[Bese-devel] UCW and Unicode

Wed Nov 9 13:45:12 UTC 2005

Marco:
> Jan Rychter <jan at rychter.com> writes:
> > I tried to use UCW in an application with Unicode content. It turns out
> > that there are some problems.
> >
> > First, logging with loglevel +dribble+ won't work, as the logging stream
> > isn't able to accept utf-8. 
> 
> is adding an :external-format parameter to the stream-log-appender
> class enough? (this would then get passed to with-open-file)

Not really, because things like image uploads will mess up the stream
format anyway, resulting in an ugly crash. Basically, logging all
received content isn't such a great idea.

> > Second, <:as-html escapes non-ascii characters, which really isn't
> > what you normally want. 
> 
> the html escaping is handled by the WRITE-AS-HTML function in arnesi,
> can you suggest the changes we need? we already have code which always
> uses write-char (as opposed to escaping) on unicode sbcl.

> > Third (and perhaps this is a result of the above) textarea interface
> > element escapes non-ascii input as well, so you get escaped
> > characters in your lisp strings.

Ok, I have to admit: I was wrong -- it isn't as-html's nor other
widget's fault. These things are tough to debug. It turns out that it
was really the browser that was doing the escaping, confusingly -- only
sometimes.

After fixing HTTP headers to include information about an utf-8 encoding
things look much better. (BTW -- how do I tell a template-component
about what content-type to use in HTTP headers? Apart from an render
:around and using internal UCW functions?)
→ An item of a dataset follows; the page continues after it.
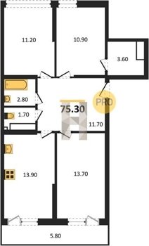 от 19.8 м2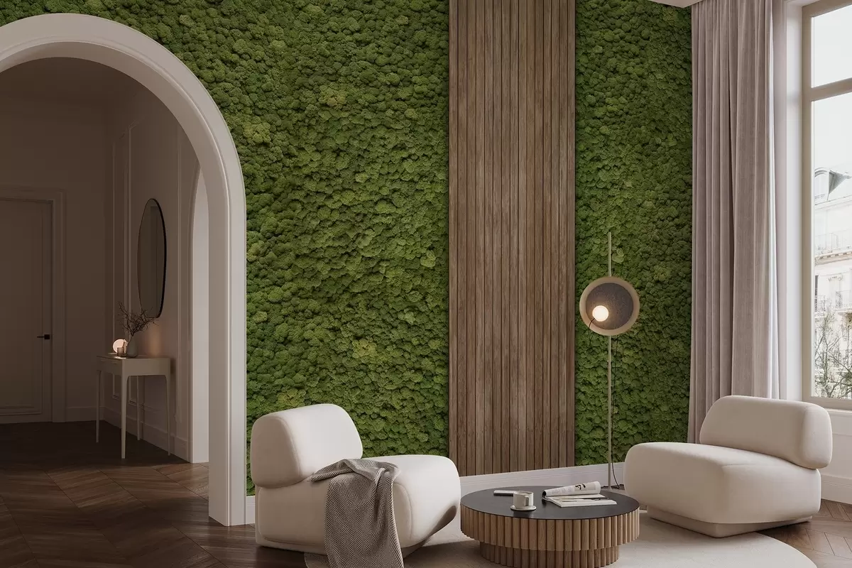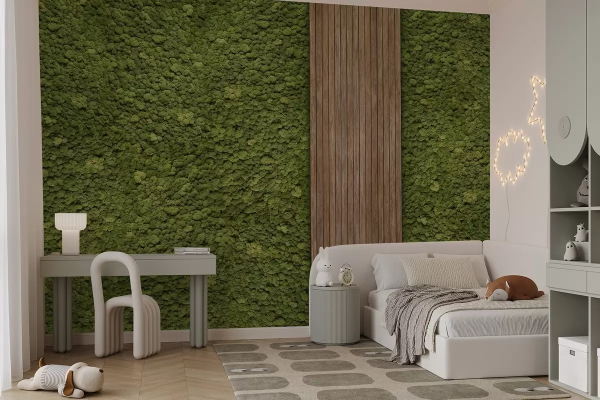 Τοιχογραφίες Τοίχος σε στυλ βρύου με ξύλινο πάνελ, πλούσια χρώματα ελιάς Nr. w02656v3

So, I've gotten most things to work, except for one: uploads. These will
not work, as there is a fundamental assumption within UCW that we can
assume the stream format for an incoming request.

Unfortunately, after we do a:
  (setf (external-format-for :http)  :utf-8-unix)      

things will break, because browsers will send binary data in multiparts,
which will be non-UTF-8-conforming and will break things.

Solving this isn't obvious -- we'd need to parse multipart content using
a "safe" stream format (byte-oriented) and then probably create other
streams which are utf-8, with request parts. Or do away with the stream
metaphor alltogether and just work on in-memory request data (we store
all request data anyway in mod-lisp).

--J.